BBC Radio 5 was a national radio station that broadcast sports, children's and educational programmes. It ran from 1990 to 1994 and was transmitted via analogue radio on 693 and 909 kHz AM.

On 28 March 1994, three years and seven months after the station started, it was replaced by Radio 5 Live, following the success of rolling news coverage of the Gulf War on Radio 4 News FM.

History

Launch
A new fifth national radio station was first announced by the BBC on 9 October 1988. In line with the Conservative government's broadcasting policy at the time, the BBC ended its longstanding practice of simulcasting its services on both AM and FM, freeing the medium wave frequencies which Radio 2 had been using since 23 November 1978 for another use.

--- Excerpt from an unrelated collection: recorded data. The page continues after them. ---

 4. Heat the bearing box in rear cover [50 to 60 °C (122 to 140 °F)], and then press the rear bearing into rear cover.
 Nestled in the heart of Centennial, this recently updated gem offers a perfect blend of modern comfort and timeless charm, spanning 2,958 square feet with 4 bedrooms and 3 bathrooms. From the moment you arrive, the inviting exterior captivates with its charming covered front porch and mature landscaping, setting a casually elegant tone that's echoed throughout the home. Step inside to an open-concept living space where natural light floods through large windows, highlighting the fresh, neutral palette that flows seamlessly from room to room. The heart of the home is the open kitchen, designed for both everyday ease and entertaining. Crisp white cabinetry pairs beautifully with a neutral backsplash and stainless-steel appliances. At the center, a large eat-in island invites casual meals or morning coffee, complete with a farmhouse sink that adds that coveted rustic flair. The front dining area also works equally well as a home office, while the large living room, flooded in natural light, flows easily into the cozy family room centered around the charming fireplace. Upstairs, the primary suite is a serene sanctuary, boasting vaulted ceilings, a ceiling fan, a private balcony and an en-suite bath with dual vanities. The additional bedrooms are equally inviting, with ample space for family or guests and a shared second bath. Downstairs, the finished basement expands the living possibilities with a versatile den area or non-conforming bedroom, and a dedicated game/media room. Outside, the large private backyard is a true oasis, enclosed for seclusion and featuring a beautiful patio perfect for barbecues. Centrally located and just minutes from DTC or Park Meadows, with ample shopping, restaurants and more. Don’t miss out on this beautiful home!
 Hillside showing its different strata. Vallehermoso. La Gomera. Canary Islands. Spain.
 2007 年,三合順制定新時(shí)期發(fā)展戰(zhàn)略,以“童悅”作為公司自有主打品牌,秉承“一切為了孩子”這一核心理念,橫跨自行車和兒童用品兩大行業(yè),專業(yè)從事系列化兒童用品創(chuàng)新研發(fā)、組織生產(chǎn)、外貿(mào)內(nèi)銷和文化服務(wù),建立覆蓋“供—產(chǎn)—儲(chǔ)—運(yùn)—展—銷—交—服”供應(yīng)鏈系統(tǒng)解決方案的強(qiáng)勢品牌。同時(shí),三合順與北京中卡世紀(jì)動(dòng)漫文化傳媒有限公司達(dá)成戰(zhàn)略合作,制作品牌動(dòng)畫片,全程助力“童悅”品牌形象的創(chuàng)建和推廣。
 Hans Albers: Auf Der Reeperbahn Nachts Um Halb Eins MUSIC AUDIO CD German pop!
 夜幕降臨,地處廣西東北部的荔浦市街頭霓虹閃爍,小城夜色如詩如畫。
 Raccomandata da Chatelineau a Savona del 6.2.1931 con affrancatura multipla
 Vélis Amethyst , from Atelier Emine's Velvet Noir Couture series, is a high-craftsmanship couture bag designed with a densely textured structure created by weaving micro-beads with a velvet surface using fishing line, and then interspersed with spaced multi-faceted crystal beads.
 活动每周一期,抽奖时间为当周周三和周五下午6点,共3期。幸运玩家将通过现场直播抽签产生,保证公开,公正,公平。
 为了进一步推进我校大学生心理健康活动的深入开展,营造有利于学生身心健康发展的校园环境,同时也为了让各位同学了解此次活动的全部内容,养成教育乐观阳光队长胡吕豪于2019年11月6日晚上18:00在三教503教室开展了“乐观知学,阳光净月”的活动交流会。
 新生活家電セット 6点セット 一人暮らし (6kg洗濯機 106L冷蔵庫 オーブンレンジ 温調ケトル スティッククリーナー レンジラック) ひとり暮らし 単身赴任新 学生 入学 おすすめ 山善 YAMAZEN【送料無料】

On 15 August 1990, Radio 2 began to draw to a close its medium wave transmissions by broadcasting a daytime information service providing advice about how to listen on FM as well as advertisements for the new station. This continued until 2.00pm on the day before Radio 5's launch, and Radio 2 ended its medium wave transmissions at midnight on Sunday 26 August. Nine hours later, at 9.00am on Monday 27 August, Radio 5 launched with five-year-old boy Andrew Kelly uttering the words:

Prior to this, the new station's frequencies broadcast a long sequence of programming trails linked by Jon Briggs (one of the station's launch presenting team) and pre-recorded sketches from comedians Trevor Neal and Simon Hickson (consisting of the two larking about in the studio amid the strains of "Sailing By", and Trevor suddenly being cut off while he was reading his so-called "Ode to Radio 5"). The official first programme was Take Five, a pre-recorded program by Bruno Brookes.

Structure
Many believed that BBC Radio 5 was a service the four other main BBC stations did not want, reflected in a speech by Jenny Abramsky, News International Visiting professor of Broadcast Media 2002 at Exeter College, Oxford University. Abramsky described the service,

In 1991, Operation Desert Storm was launched, as part of the multinational response to the Iraqi invasion of Kuwait. From 16 January, Radio 4's FM frequencies were used to provide an all-news network for the coverage of the war, dubbed 'Radio 4 News FM' (or more popularly in the media as Scud FM), but despite protests mainly received praise for the quality of this service and the speed with which it was established. Following the end of the conflict, Radio 4 resumed its normal schedule but the positive response to commencing review into the possibility of providing a full-time news station, leading to the broadcast of a similar service on longwave during the 1992 general election campaign. Due to the resistance to any use of Radio 4 FM (or LW) frequencies, it was decided that Radio 5, criticized by John Birt as "improvised and disjointed", would relaunch as a combined news and sports channel.

Demise
The "old" Radio 5 signed off at midnight on Sunday 27 March 1994 with a pre-recorded Nigel and Earl sketch at the end of one of the network's Irish music magazine program Across the Line. Ten minutes later, the frequencies closed down for the night following a generic BBC Radio News and Sport bulletin and the new Radio 5 Live began its 24-hour service at 5.00am on Monday 28 March.

Programming
The station was on air daily from 6.00 am until just after midnight although initially, apart from sports coverage, original programming was restricted to key times of the day – breakfast, mid-mornings and on weekdays drive and evening programmes for young people. The rest of the day was filled with simulcasts of other BBC stations and with programmes from the World Service which were broadcast for several hours each day. World Service programmes were aired at 6.00am, 11.00pm and for two hours on weekday afternoons, Radio 3 was broadcast on weekday lunchtimes, and Radio 4 on Saturday evenings, and on Sunday lunchtime and teatime. Radio 1 and Radio 2 were also simulcast on Sundays – Radio 2 in the afternoon when there was no sports coverage and Radio 1 during the early evening as a replacement for Open University programmes.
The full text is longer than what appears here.